• [WORK ORDER]
Everything from the opening line of the listing below to the line that has "庞贝大广场周围的建筑复原图,1910年,L·Jausse", inclusive, should be returned exactly, except the pictures.

[[ PROVIDED DATA, beginning ]]

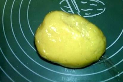 9.用保鲜膜包好,放入冰箱冷藏1小时以上至面团变硬。
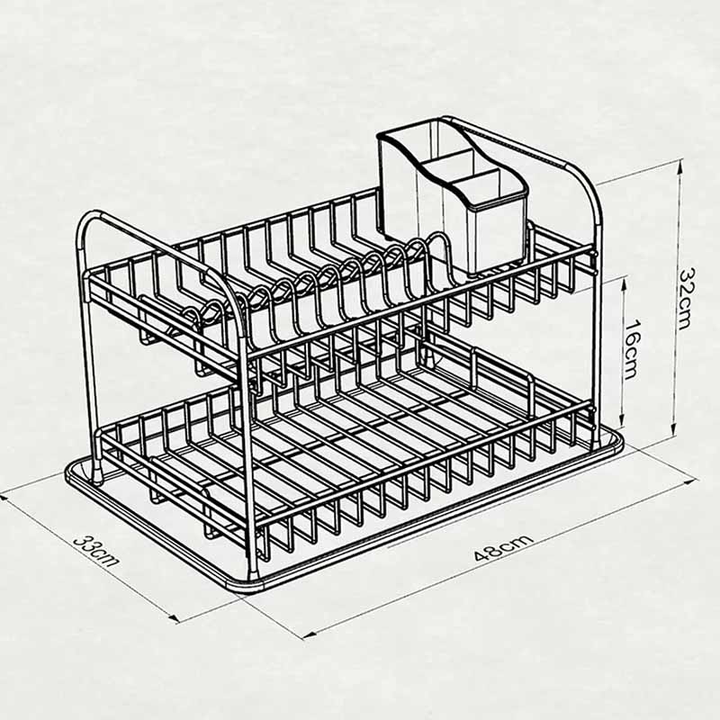 Στεγνωτήριο πιάτων κατασκευασμένο από επιχρωμιωμένο ατσάλι. Διαθέτει 2 επίπεδα αποστράγγισης, το άνω επίπεδο για πιάτα (11 θέσεις) και το κάτω επίπεδο για ποτήρια και άλλα σκεύη. Το στεγνωτήριο διαθέτει πλαστική κουταλοθήκη με 3 διαφορετικές θέσεις για κουτάλια, πιρούνια, μαχαίρια και πλαστικό δίσκο στην βάση για την συλλογή των νερών. Το στεγνωτήριο πιάτων παραδίδεται ασυναρμολόγητο σε μορφή συσκευασίας, καταλαμβάνοντας μικρότερο όγκο.
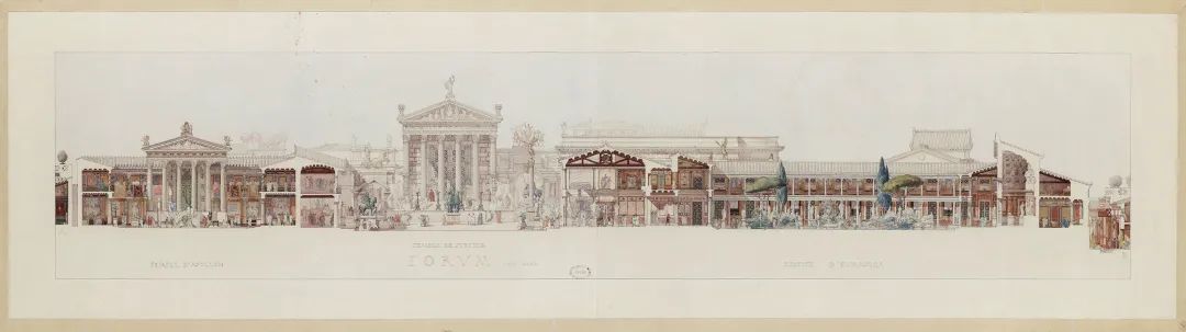 庞贝大广场周围的建筑复原图,1910年,L·Jaussely,法国国立高等美术学院从左至右包括:福尔图纳·奥古斯塔神庙, 大会堂、食品市场、公共会场、统领办公室
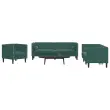 Ta sedežna garnitura chesterfield je odličen prostor za klepetanje, branje, gledanje televizije ali preprosto sprostitev. Namenjen je biti osrednja točka v vašem domu. Mehak in udoben material: Vlažna tkanina iz žameta ima mehko in gladko površino, ki zagotavlja prijeten občutek ter vam zagotavlja toploto in popolno udobje.Udobno sedenje: Kavč je zelo udoben z debelo oblazinjenimi sedeži, nasloni za roke in hrbtnimi blazinami. Vključeni vzglavniki popestrijo vaš dekor in povečajo udobje, ko sedite ali ležite.Stil chesterfield: S klasičnim naslonjalom za hrbet z gumbi in nasloni za roke ter enotno višino naslonjala in naslonov za roke bo popestril vsak prostor, saj zagotavlja slog in udobje.Podporne noge: Fotelj je podprt s čvrstimi nogami, ki zagotavljajo njegovo stabilnost, varnost in trdnost.Barva: Temno zelenaMaterial: Žamet (100 % poliester), vezan les, trden lesMaterial polnila: PenaMaksimalna nosilnost: 110 kgPotrebno sestavljanje: DaFotelj:Celotne dimenzije: 71 x 74,5 x 70,5 cm (Š x G x V)Širina sedeža: 55 cmGlobina sedeža: 59,5 cmVišina sedeža, merjena od tal: 41,5 cmVišina naslonjala za roke od tal: 70,5 cmKavč dvosed:Celotne dimenzije: 174 x 74,5 x 70,5 cm (Š x G x V)Širina sedeža: 158 cmGlobina sedeža: 59 cmVišina sedeža, merjena od tal: 41,5 cmVišina naslonjala za roke od tal: 70,5 cmKavč trosed:Celotne dimenzije: 194 x 74,5 x 70,5 cm (Š x G x V)Širina sedeža: 178 cmGlobina sedeža: 59 cmVišina sedeža, merjena od tal: 41,5 cmVišina naslonjala za roke od tal: 70,5 cmDimenzije vzglavnika: 15 x 51 cm (premer x V)Paket vsebuje:1 x Fotelj1 x Kavč dvosed1 x Kavč trosed4 x Vzglavnik 3209283
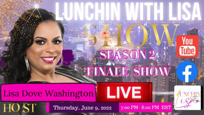 Finale Show The last Lunchin with Lisa Show of SEASON 2!!!! Please join us as we talk about all the different things we have done this year on Lunchin’ with Lisa…Fav Guests, Fav Topics and more. WE also want to hear about what topics you want to talk about in SEASON 3! POP IN &…
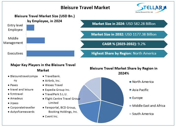 The Bleisure Travel Market size was valued at USD 582.28 Bn. in 2024 and the total Global Bleisure Travel revenue is expected to grow at a CAGR of 9.2% from 2025 to 2032, reaching nearly USD 1177.38 Bn. by 2032.
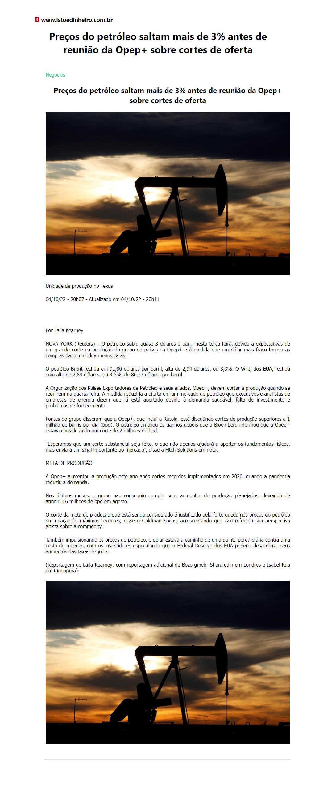 Preços do petróleo saltam mais de 3% antes de reunião da Opep+ sobre cortes de oferta
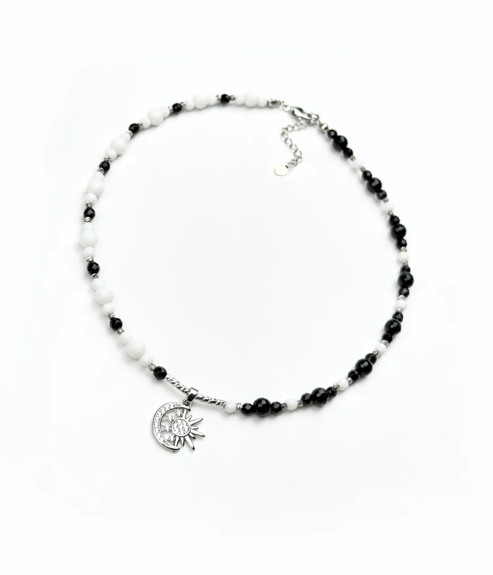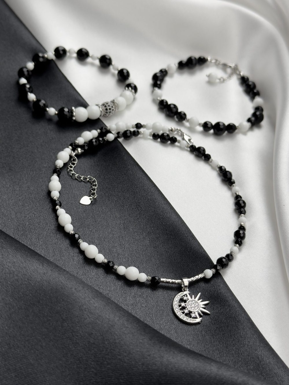Колье ДЕНЬ и НОЧЬ – целый мир, излучающий магию контрастов. Созданный из натурального черного и белого агата, этот аксессуар становится воплощением единства противоположностей.
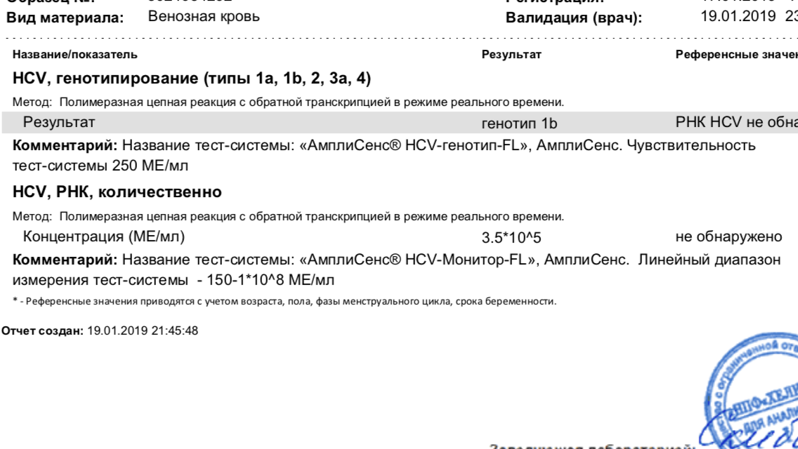 Вирусная нагрузка низкая. Генотип 1б, самый лёгкий, для ингибиторной терапии.
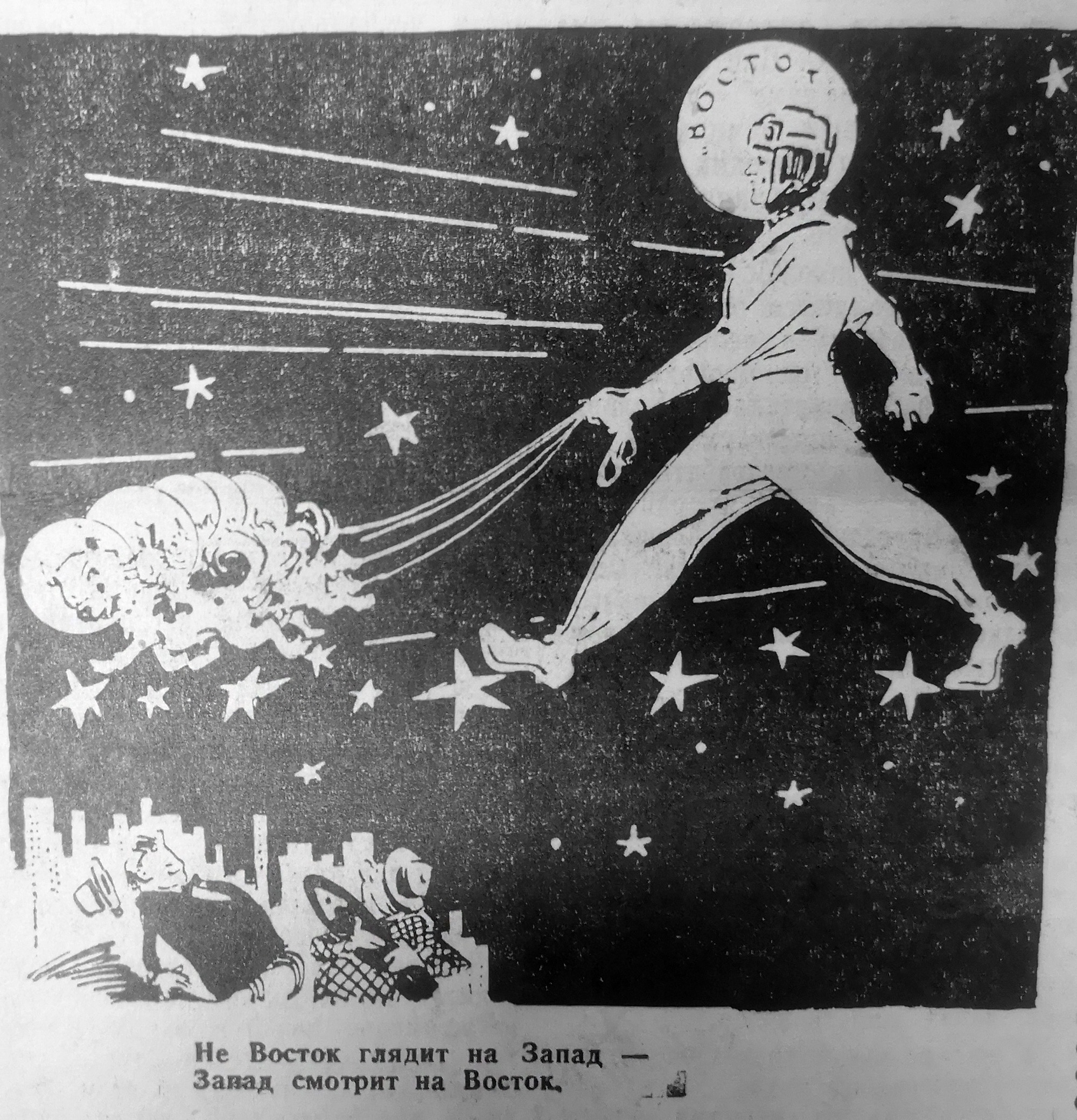 Карикатуры в прессе разных стран часто высмеивают недостатки своих геополитических оппонентов. Вот и в советских карикатурах художники на полную катушку использовали первенство наших космонавтов по отношению к их американским конкурентам. Например, такой рисунок: первый советский космонавт гуляет по звёздам и держит на поводке собак в шлемах (намёк на то, что четвероногие друзья проложили для людей путь в космос). Внизу на фоне небоскрёбов задрали головы империалисты, ошарашенные успехами СССР. И подпись: «Не Восток глядит на Запад – Запад смотрит на Восток».
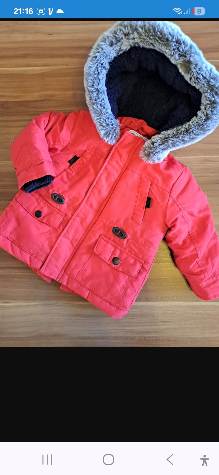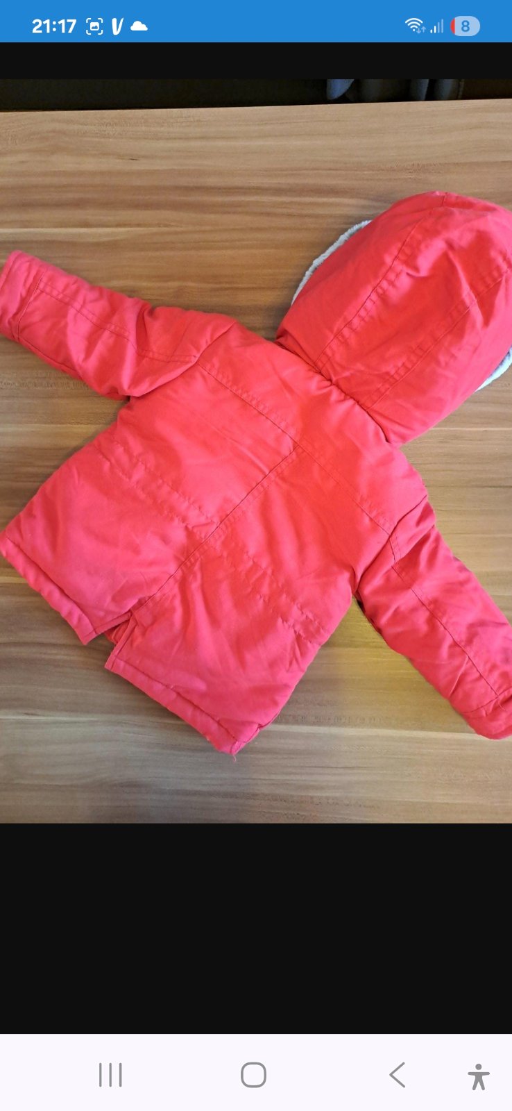Krásna bundička len bez visačky,kúpená v predstihu no malý vyrástol,veĺ.9-12 mes.Je mäkučká.Dl.38cm.oh 32x2,ruk.od krku 33cm,od pleca 27cm,rukáviky majú patenty.
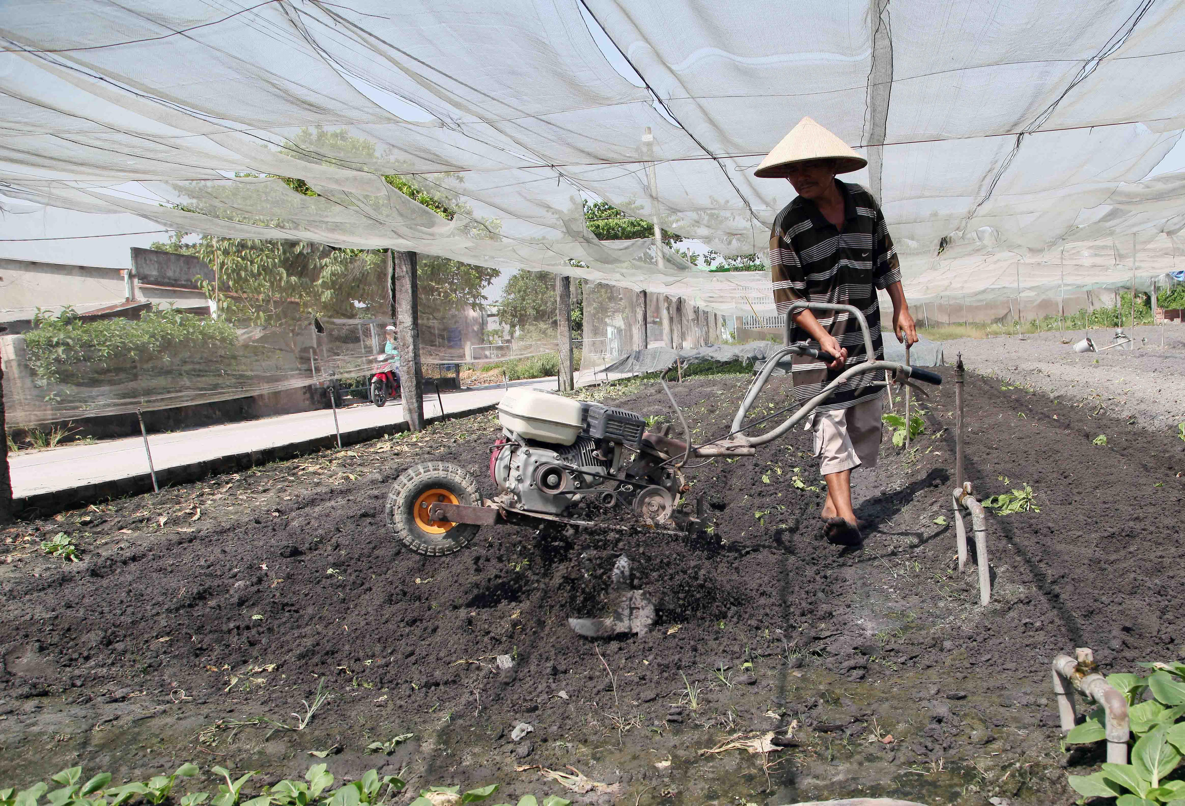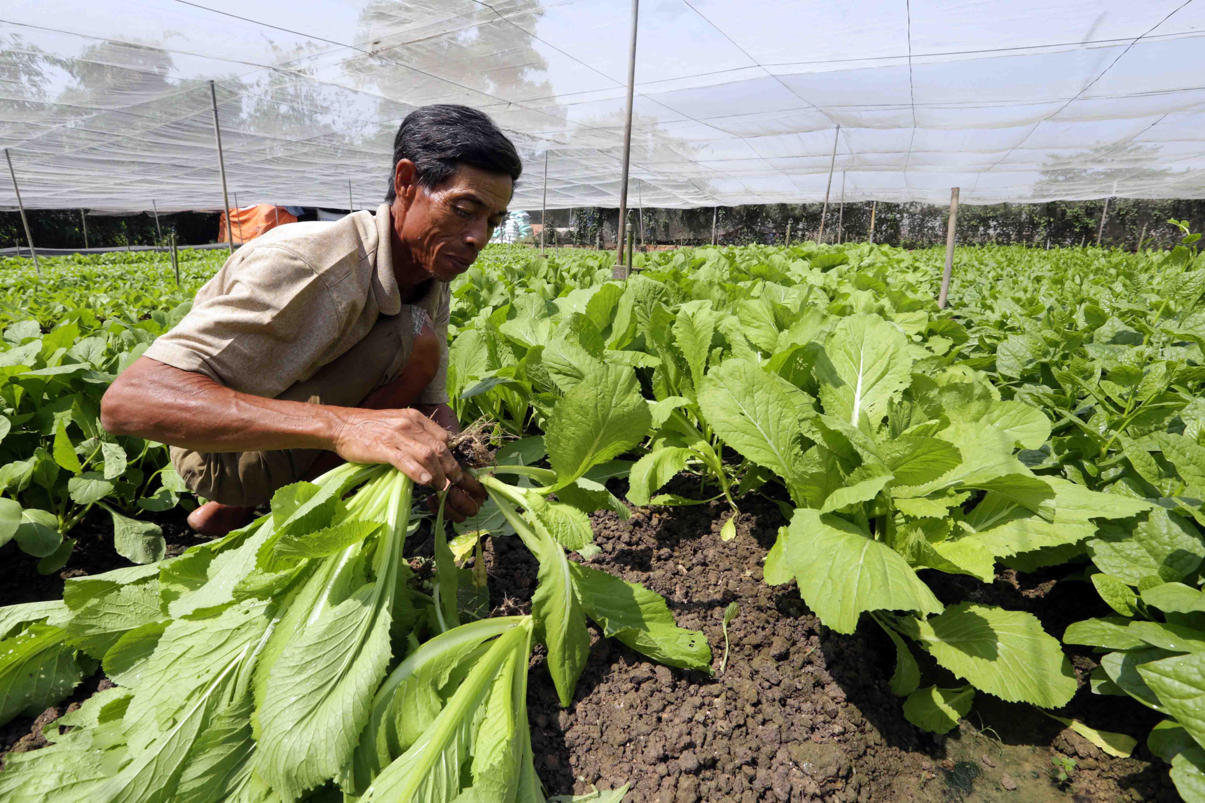 | Nhờ vốn vay ưu đãi gia đình anh Nguyễn Văn Thắng ở phường Trảng Dài, thành phố Biên Hòa (Đồng Nai) có điều kiện mua máy móc, làm 4000m2 nhà lưới trồng rau cho hiệu quả kinh tế |

[[ PROVIDED DATA, end ]]

• [RESPONSE BELOW]
 9.用保鲜膜包好,放入冰箱冷藏1小时以上至面团变硬。
 Στεγνωτήριο πιάτων κατασκευασμένο από επιχρωμιωμένο ατσάλι. Διαθέτει 2 επίπεδα αποστράγγισης, το άνω επίπεδο για πιάτα (11 θέσεις) και το κάτω επίπεδο για ποτήρια και άλλα σκεύη. Το στεγνωτήριο διαθέτει πλαστική κουταλοθήκη με 3 διαφορετικές θέσεις για κουτάλια, πιρούνια, μαχαίρια και πλαστικό δίσκο στην βάση για την συλλογή των νερών. Το στεγνωτήριο πιάτων παραδίδεται ασυναρμολόγητο σε μορφή συσκευασίας, καταλαμβάνοντας μικρότερο όγκο.
 庞贝大广场周围的建筑复原图,1910年,L·Jaussely,法国国立高等美术学院从左至右包括:福尔图纳·奥古斯塔神庙, 大会堂、食品市场、公共会场、统领办公室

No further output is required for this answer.